• **Stored data**:
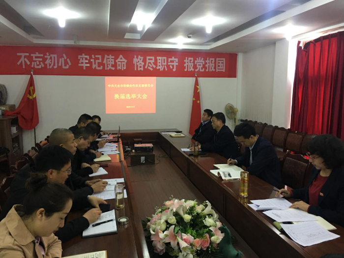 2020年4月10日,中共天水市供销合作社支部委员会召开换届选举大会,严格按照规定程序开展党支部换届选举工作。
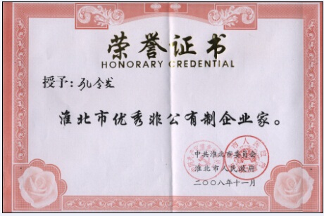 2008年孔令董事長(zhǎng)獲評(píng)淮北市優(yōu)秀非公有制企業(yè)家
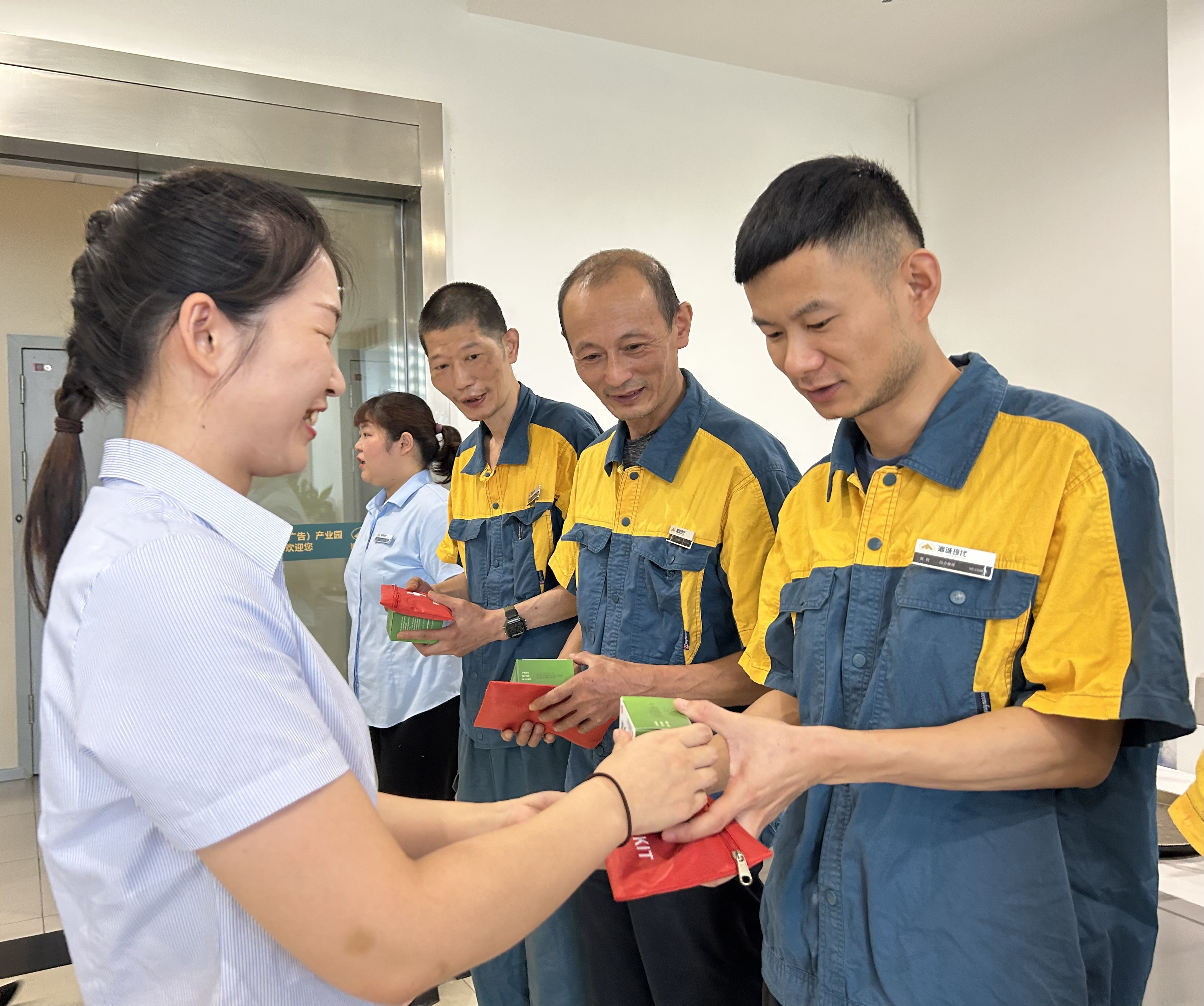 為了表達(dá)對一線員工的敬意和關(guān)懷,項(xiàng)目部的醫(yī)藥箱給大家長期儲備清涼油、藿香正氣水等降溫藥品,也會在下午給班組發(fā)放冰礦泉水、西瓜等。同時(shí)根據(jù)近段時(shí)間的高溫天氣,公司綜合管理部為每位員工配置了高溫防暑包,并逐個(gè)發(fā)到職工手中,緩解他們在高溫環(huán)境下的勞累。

• **Exercise instructions**:
The answer must consist solely of the lines from the one with "2008年孔令董事長(zhǎ" through the final line of the data, each reproduced exactly and with pictures omitted.

• **Exercise solution**:
 2008年孔令董事長(zhǎng)獲評(píng)淮北市優(yōu)秀非公有制企業(yè)家
 為了表達(dá)對一線員工的敬意和關(guān)懷,項(xiàng)目部的醫(yī)藥箱給大家長期儲備清涼油、藿香正氣水等降溫藥品,也會在下午給班組發(fā)放冰礦泉水、西瓜等。同時(shí)根據(jù)近段時(shí)間的高溫天氣,公司綜合管理部為每位員工配置了高溫防暑包,并逐個(gè)發(fā)到職工手中,緩解他們在高溫環(huán)境下的勞累。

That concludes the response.